Кошка на экране моргнула.
– Нэнси Кин в Саламанке отсутствует. В Соединенных Штатах тысяча двести сорок три женщины с таким идентификатором.
– Она социолог, мулатка, ей около сорока. Поищи.
– Кливленд, штат Огайо, университетский городок, – мгновенно отреагировал Джинн. – Включаю изображение.
Звездное небо за окном, полутьма, в которой смутно маячат очертания мебели… Я сообразил, что в Петербурге ясный день, без четверти двенадцать, а за океаном ночь – значит, Крис и Джим с Делайлой спят, равно как и Дэвид Драболд, мой профессор, и Бобби Рэнсом, мой приятель-свиновод. Нэнси тоже спала, и в вокодере слышались храп и негромкое деликатное сопение. Сопела, кажется, Нэнси, но сольную партию вел храп.
– Ничего не вижу, – сказал я. – Темно.
– Синтезирую визуальную картину в доступных тебе частотах, – отозвался Джинн.

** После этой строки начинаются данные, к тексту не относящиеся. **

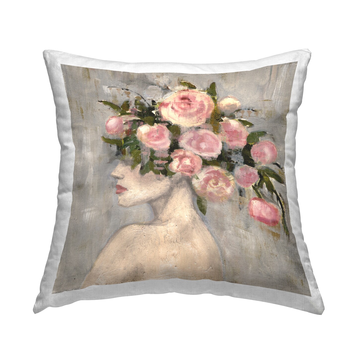 Peonies Headdress Woman Decorative Printed Throw Pillow Design by Charity Henderson, 18 x 7 x 18
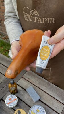 Für einen noch intensiveren Schutz und eine sichtbare glänzende und wasserabweisende Oberfläche können Sie sich auch stattdessen für Tapirs Lederpflegecreme entscheiden. Einfach mit einer Auftragsbürste auftragen, einmassieren und abschließend mit der Glanzbürste bis zum gewünschten Glanz polieren.
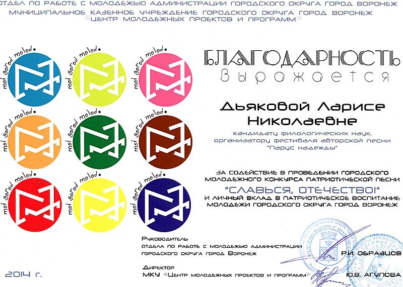 Ведущий специалист отдела довузовского образования ВГУ Л.Н. Дьякова получила благодарность от имени руководителя отдела по работе с молодежью администрации городского округа город Воронеж Р.И. Образцова и директора МКУ «Центр молодежных проектов и программ» Ю.В. Агуповой за содействие в проведении городского молодежного конкурса патриотической песни «Славься, Отечество!» и личный вклад в патриотическое воспитание молодежи Воронежа.
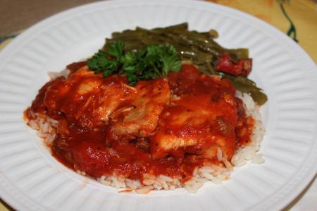 Add remaining ingredients and bring to a boil. Lower heat and simmer on low for 1 to 2 hours adding water as needed to keep from sticking. It should be a medium consistency. Cook until chicken is done and falling off the bone about 1 hour.
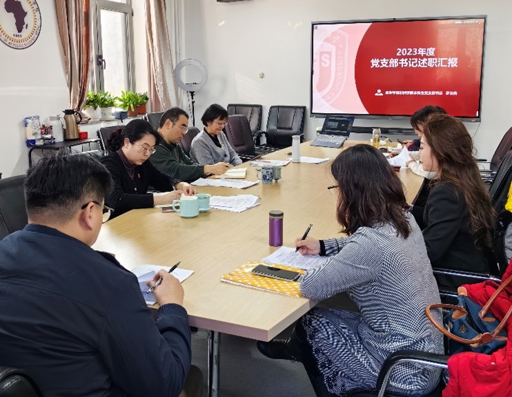 2024年3月1日,亚洲学院、779cn太阳集团党总支在主楼会议室344召开“2023年度党支部书记抓基层党建工作述职评议考核工作会”。亚非党总支下属四个基层党支部书记以及总支委员会全体委员参加了工作会。
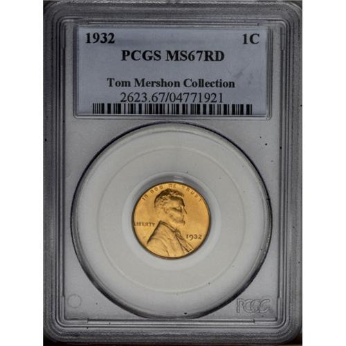 <B>1932<1C> MS67 Red PCGS.</B></I> Ex: Tom Mershon Collection. With more than 9 million coins produced, the 1932 is anything but rare in an absolute sense. At the MS67 Red level, however, this date is elusive, and collectors who are assembling PCGS Registry sets of this series should take note than there are no coins certified finer. The reddish-orange surfaces are smooth from rim to rim with virtually no carbon to report. Sharply struck and fully lustrous, both sides possess eye appeal to spare. Population: 22 in 67, 0 finer (3/06).<BR><I>From The Kendall Marie #4 All-Time Finest PCGS Registry of Lincoln Cents with Varieties, Circulation Strikes, 1909-1958.</B></I> <BR><BR><B>Important notice:</B> Heritage usually auctions material at the rate of 200-250 lots per hour. On some occasions eBay Live bid software or the Internet may not be able to keep up with the pace of the auction. We recommend placing a realistic absentee bid now as insurance to avoid disappointment. Occasionally the auctioneer may eliminate or reject an eBay Live bid, and the auctioneer may also reopen a lot after the close of the eBay live bidding (usually because we missed an audience bid), and may reject your bid even if it shows you as the winning bidder. By bidding via eBay Live, you agree that Heritage may award the lot to another bidder at its sole discretion under the circumstances described above or any other reasonable circumstances. Since eBay bids are not shown to us until we open the lot on the floor, we treat those bids just like floor bids. In most cases the floor responds before the eBay bid is presented to us, due to Internet lag time, so for consistency we have made it a policy that floor bids are always considered first over tie eBay live bids. Also please note that all Heritage lots purchased through eBay Live carry a 20% Buyer's Premium. Please make sure you read the Terms and Conditions before you bid. This lot is being auctioned in conjunction with a live floor auction by Heritage Galleries & Auctioneers. All final auction and invoice information will be supplied by Heritage Galleries & Auctioneers, and all other information should be considered preliminary. Lot:533 <BR><BR><B>Winning Notification and Billing:</B> After the FINAL session in this auction is complete, Heritage will send e-mail and snail mail invoices. This process normally takes several days. All final auction and invoice information will be supplied by Heritage Galleries & Auctioneers, and all other information should be considered preliminary. <BR><BR>This auction will be conducted on a live auction floor and over the Internet through eBay Live. If you choose to place an absentee bid, please take a moment to <font color='#0000ff'><u><a href='http://pages.ebay.com/liveauctions/help/before/laabsentee.html'>learn how eBay Live absentee bidding works</a></u></font><font color='#000000'>
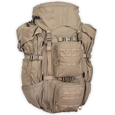 Lots of MOLLE options to add stuff to the outside. Comfortable yolk-style harness. Reinforced webbing and stitching throughout. Water repellent. Hydration pouch.
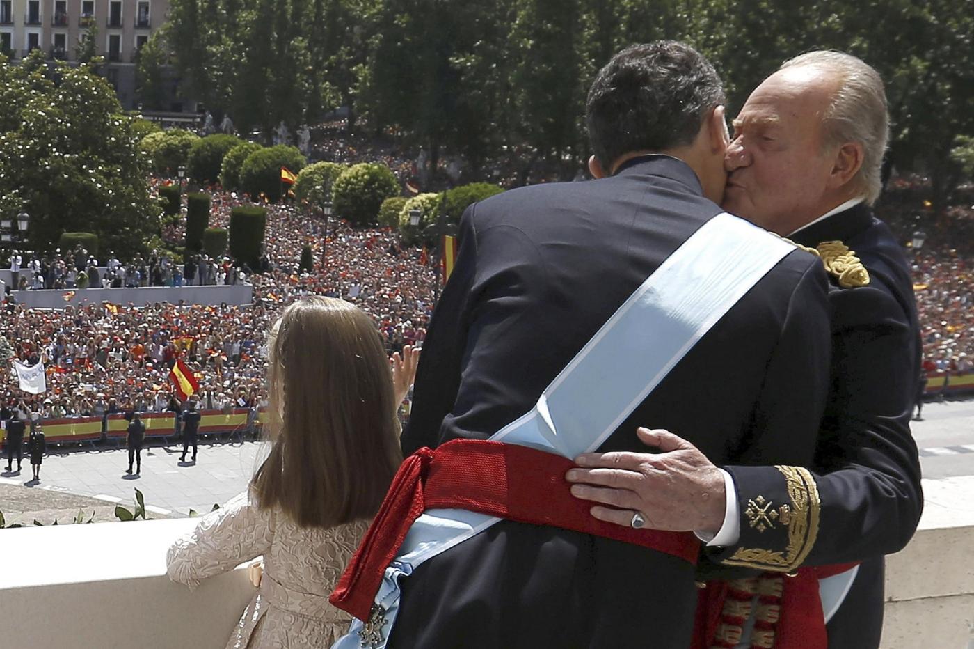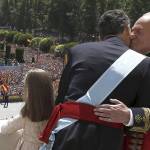 Spain’s King Juan Carlos, right, kisses his son, the newly crowned King Felipe VI on the balcony of the Royal Palace in Madrid, Spain, on Thursday, June 19, 2014. Spain's new King Felipe VI was proclaimed monarch at a formal ceremony in the country's Parliament on Thursday, a deliberately low-key occasion for austere times and tarnished royal reputations. (AP Photo/Javier Lizon, Pool)
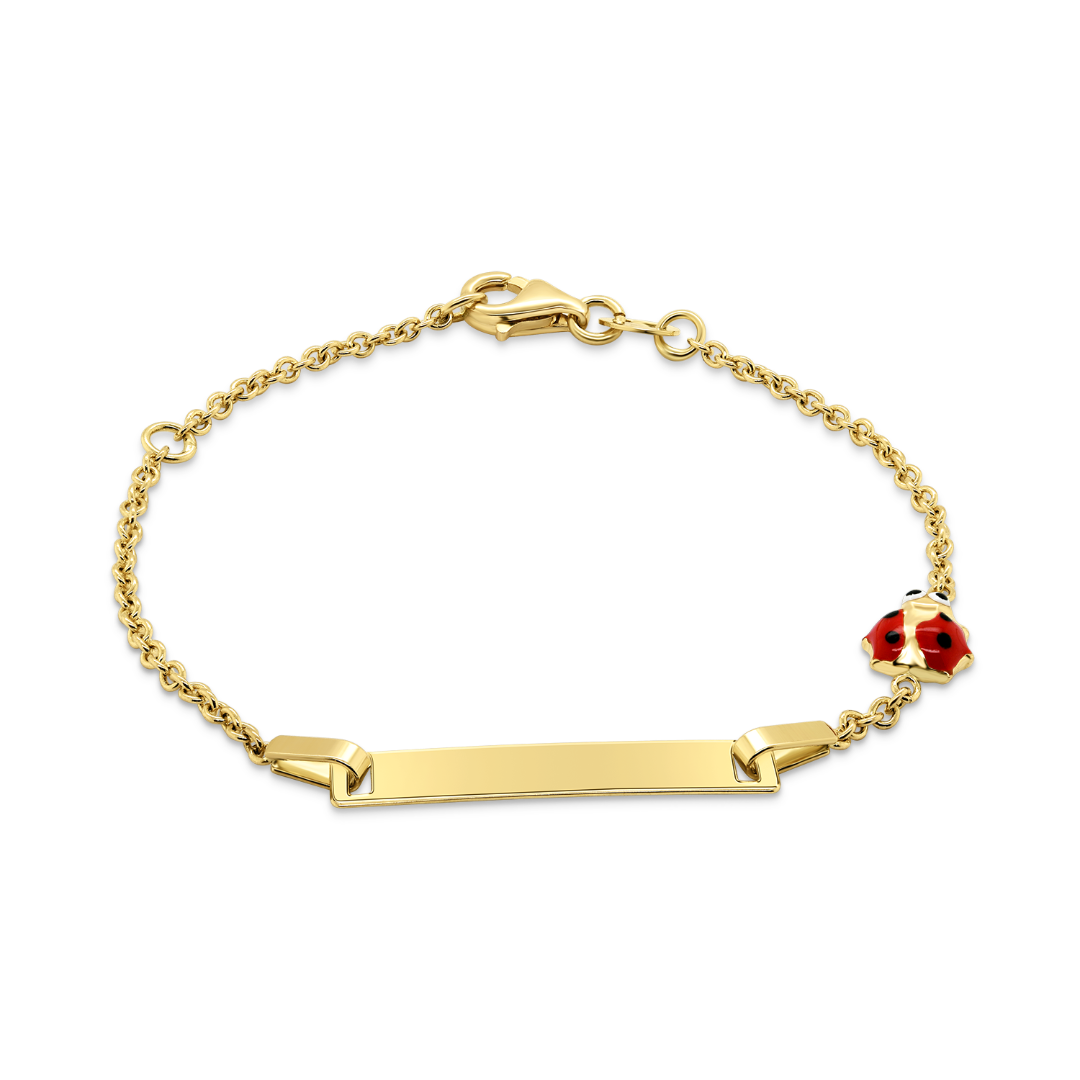 Brățară din aur galben de 14K, cu element tip buburuză cu Email și plăcuță gravabilă.
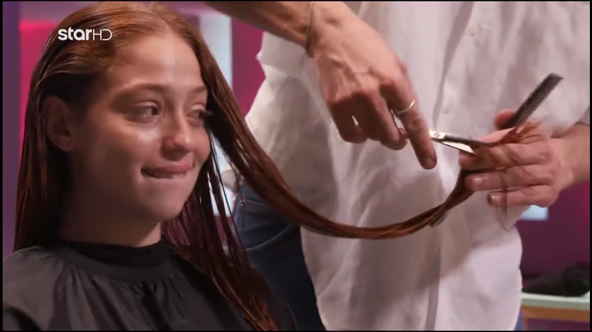 Στη συνέχεια όμως, η Αλεξία δεν μπορούσε με τίποτα να συγκρατήσει τα δάκρυά της. Ο λόγος; Η διαγωνιζόμενη είχε πολύ μακριά κόκκινα μαλλιά, που θύμιζαν τα μαλλιά γοργόνας. Πρόκειται για ένα look που έπρεπε να αποχωριστεί, όπως είπαν οι κριτές. Παρόλο που κόβοντάς τα, τα μαλλιά της παρέμειναν μακριά, η Αλεξία δεν μπορούσε να σταματήσει να κλαίει, ενώ ταυτόχρονα γελούσε!
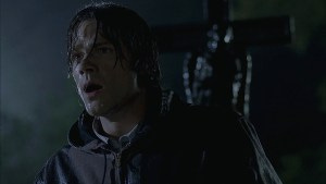 Thunder crashes in the distance and the wind whips up as it starts to rain, clouds blowing across the full moon, both boys getting wet (which we don’t see all that often on the show – poor Jared and Jensen but, like virtually everything, it’s a good look on Sam and Dean).
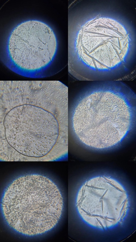 З кожної суміші нанесли краплю на предметне скельце і під мікроскопом розглянули стан білків після зсідання, охарактеризували його. Порівняли ступінь однорідності суміші і розмір грудочок згорнутого білка.
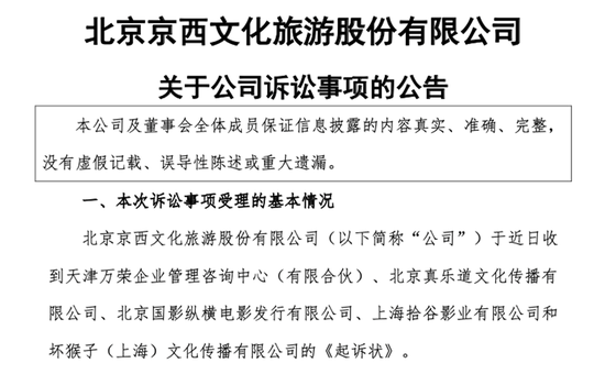 公告显示,因影片收益款纠纷等事项,天津万荣企业管理咨询中心(有限合伙)、北京真乐道文化传播有限公司、北京国影纵横电影发行有限公司、上海拾谷影业有限公司和坏猴子(上海)文化传播有限公司等5家公司分别起诉了北京文化。

Сумрак сменился четким цветным изображением: сначала – общий вид спальни, затем – кудрявая черноволосая головка Нэнси на подушке, а рядом с ней – белобрысый затылок. Этот затылок и храпел, а еще обнимал хозяйским жестом смуглые нэнсины плечи. С такой шелковистой, нежной, теплой кожей… – вспомнил я с невольным вздохом. Ну что было, то было! Я не завидовал белобрысому, скорее сочувствовал Нэнси – сам я, по крайней мере, не храплю. Оставив в покое заокеанских друзей и знакомых, мы с Джинном прогулялись по Европе. Старый Томас Диш уже читал лекцию: доска исписана формулами, липа студентов, унылые или сосредоточенные, и хрипловатый профессорский бас, вещавший о связи информации с энтропией… Гита в Марбурге кормила своих малышей: старший, двухгодовалый, сидел на высоком стульчике у стола, а близнецы-младенцы дружно сосали из бутылочек. Очень симпатичные, похожие на Гиту… Да и сама она выглядела прекрасно, но сердце мое не дрогнуло – дела с ней обстояли так же, как с Нэнси: что было, то было и прошло. Патрик Ксавье, мой парижский знакомец, завтракал; бельгиец Клод Жилло нежился в постели – и, к моему смущению, не один; Фабрицио Казн из Милана шагал по древней мостовой, размахивая портфелем и что-то бормоча под нос – видно, готовился к занятиям; пани Завадска из Краковского политехнического стирала пыль с компьютера. Новый айбиэмовский септяк! Позавидовав ей черной завистью, я отправился в апартаменты в Графском переулке, однако не к Михалеву, а выше этажом. Эта обитель была куда просторней, чем у Глеб Кириллыча: гостиная в половину моей квартиры с камином и венецианским окном, кабинет, спальня в коврах, с резными восточными табуретами, и еще одна комната, наверняка принадлежавшая Ахмету: в углу тут стоял деревянный чурбан с всаженными в него клинками. Сам Ахмет обнаружился на кухне, где кроме гигантского холодильника имели место ростеры и тостеры, микроволновка, кондиционер, посудомоечная машина и всякие иные агрегаты загадочного назначения. Но в холодильнике Ахмет не шарил и не готовил плов или цыпленка табака, а занимался важным делом: любезничал с кухаркой. Наши светловолосые дамы – мед для темпераментных южных мужчин… И надо заметить, Ахмет времени зря не терял и подобрался к этому меду ближе некуда.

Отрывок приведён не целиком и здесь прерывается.